Finance for Adaptation and Loss and Damage
Time to Step Up Action
This Oxfam International and CARE brief outlines the key challenges on adaptation finance that governments could advance at the One Planet Summit and in the course of 2018 to raise ambition.
Finance for Adaptation and Loss and Damage
Time to step up action
Adaptation finance continues to be neglected. There is virtually no progress in increasing the share of adaptation finance in overall climate finance, despite the objective to reach a balance between mitigation and adaptation. Worse, adaptation finance is too often provided as loans, rather than grants, indebting developing countries further, in order to address a crisis they had little or no role in causing. And developed countries usually over-estimate the actual support they are providing, by using a generous accounting methodology for projects where adaptation components are only minor or adaptation is only one of several objectives. Furthermore, there is still a lot of work to do to ensure adaptation initiatives – projects, programmes, policies – promote gender equality and human rights and integrate key principles of good adaptation practice.

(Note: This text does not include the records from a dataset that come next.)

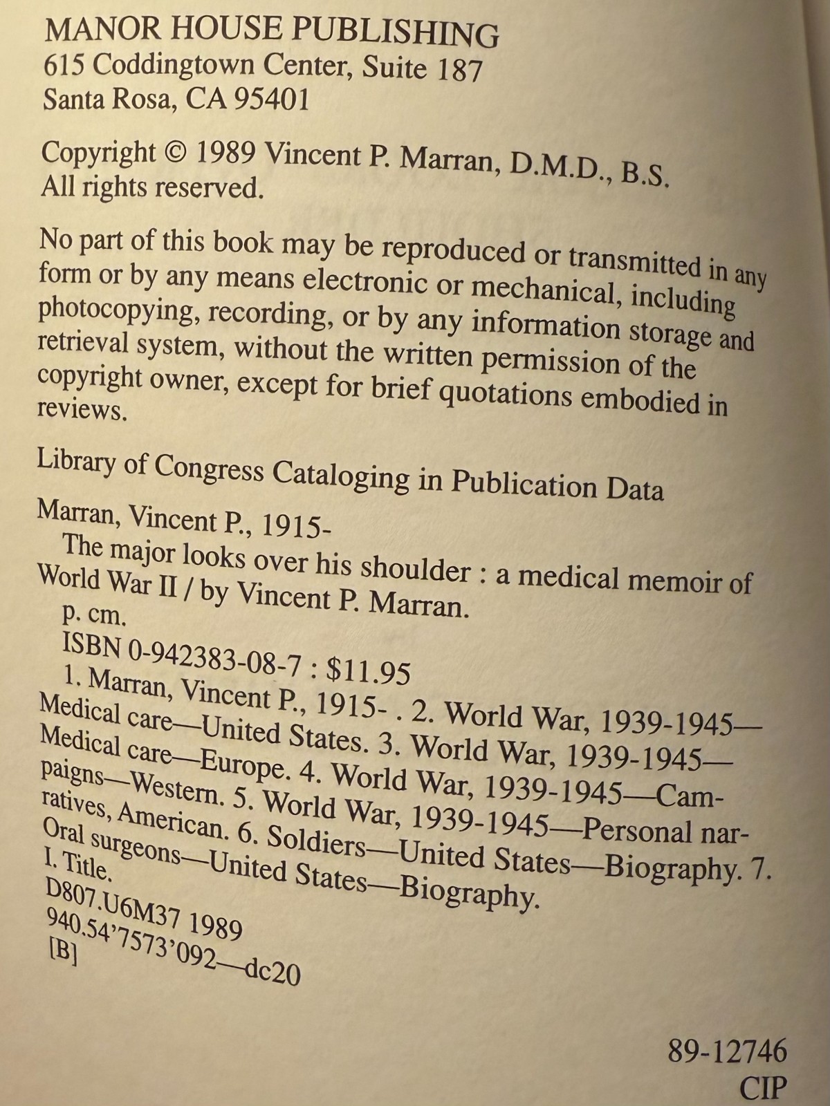 This product is a first edition nonfiction book titled "THE MAJOR LOOKS OVER HIS SHOULDER" by a WW2 Doctor (in maxillofacial and orthodontic surgery) who served in the European Theater with the 3rd Army. The author's medical memoir focuses on their experiences during the war, including some details about the maxillofacial and orthodontic surgeries performed on patients during that time. The book is written in English and published in the United States. It offers a unique perspective on the medical aspects of World War II, as well as the specific roles of doctors and medical technicians in the European Theater. PUBLISHED BY MANOR HOUSE PUBLISHING
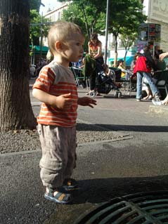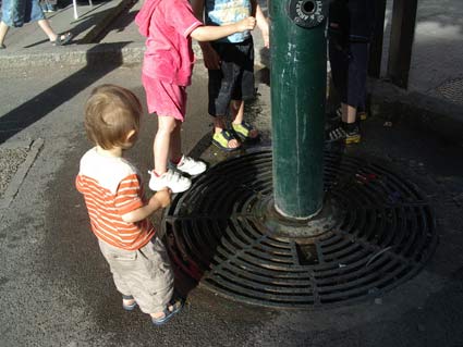 j'ai été intrigué par des enfants qui jouaient avec une fontaine
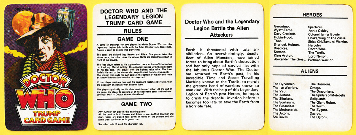 Above: Doctor Who Trump Card Game published by Jotastar, UK, 1978. Printed in Hong Kong. 40 cards + 2 extra cards in tuck box. Size: 58 x 89 mm. © BBC 1978
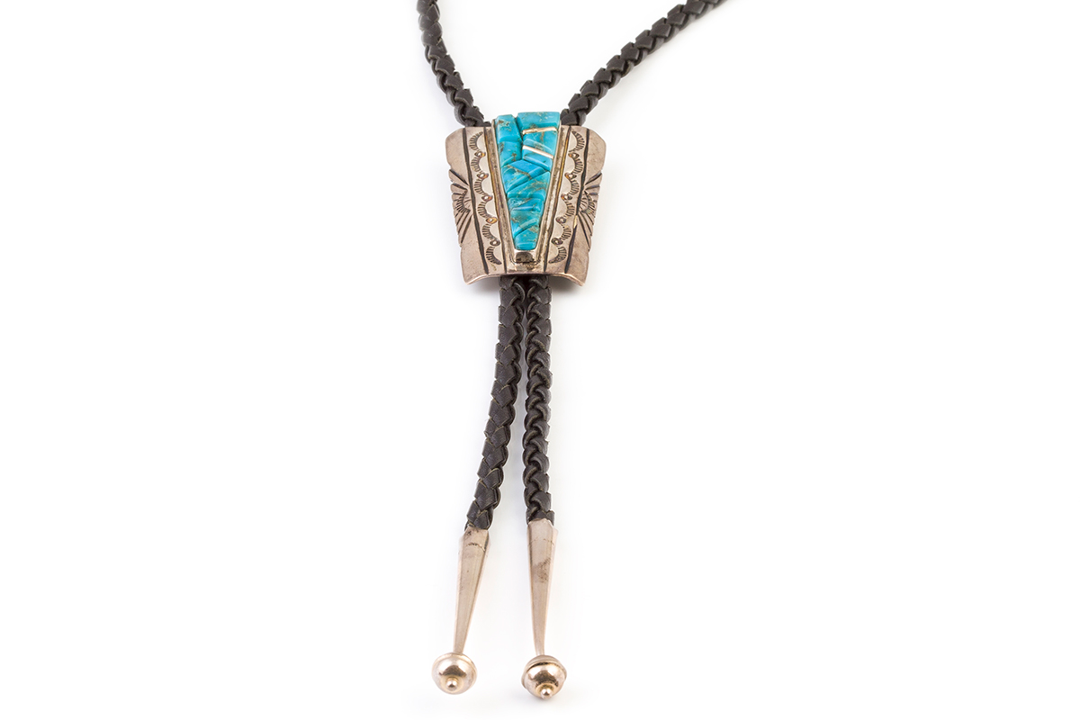 oder Western Krawatte ist im amerikanischen Westen sehr beliebt. Offizieller Halsschmuck in Arizona und New Mexico wird er auch z.B.in Neu Mexiko von den Kongressabgeordenten im Parlament in Santa Fe getragen. Die Verzierungen an der Brosche sind meistens sehr aufwending unter Verwendung von verschiedenen Edelsteinen, wie Türkis,Lapislazuli, Koralle und auch Bernstein. Wenn Damen sie tragen werden sie BOLA TIE genannt. Lederband mit Silbersptitzen. Rückseitig zur Längenverstellung eine Klappenmechanik
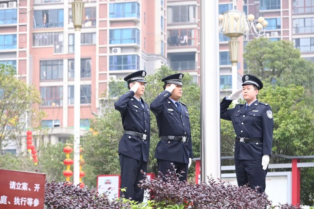 法院广场上,他们身姿挺拔、神情庄重。以忠诚作笔,以担当为墨,将守护公平正义的誓言,铭刻在每一次升旗的庄严时刻里。
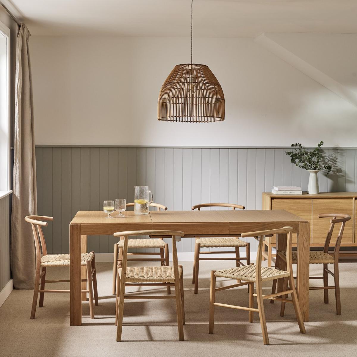 Need a table for 4, or more? Come dine with Drio. This 4-seater extending dining table can expand to accommodate up to a crowd pleasing 10. Wow. Made with a solid oak frame with a natural veneer surface, it has a smart, yet homely feel. Drio, the small table that thinks big. Part of the Drio collection. Table: Table size: H75, L120, W95cm. Size of table extended: L240cm. Integral table extension. Removable table extension. Centre leaf extension type. Real wood veneer table with solid wood legs. Self-assembly - 2 people recommended. Weight of table 57kg. Package Dimensions: Table packaging size: H18.5, W133, D107cm. General information: Manufacturer's 1 year guarantee.
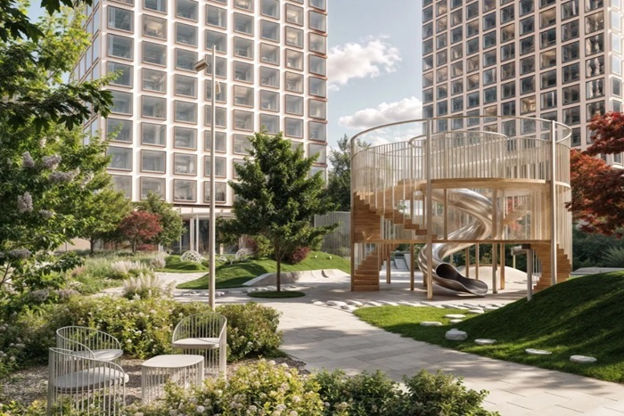 Придомовую территорию займет обширный двор-парк, созданный по оригинальной концепции. Ландшафтная геопластика, цветочные сады, футуристические арт-объекты и сенсорные дорожки из камней – все это появится на закрытой территории двора. Для малышей обустроят площадки с качелями и песочницами, детям постарше понравится двухуровневый игровой городок с большой горкой.

Following COP23, the One Planet Summit is an important high-level event targeting climate finance. Jointly, these events set the stage for 2018 which must be a year of increased action and ambition on all fronts, given that the world is heading towards a large-scale, planetary disaster if emissions are not curbed immediately and significantly. Increasing finance to support developing countries in tackling climate change impacts, through adaptation and addressing loss and damage, is essential to put people and the planet at the centre. Good adaptation can save lives and protect livelihoods, and it requires sufficient resources to be scaled-up across many countries.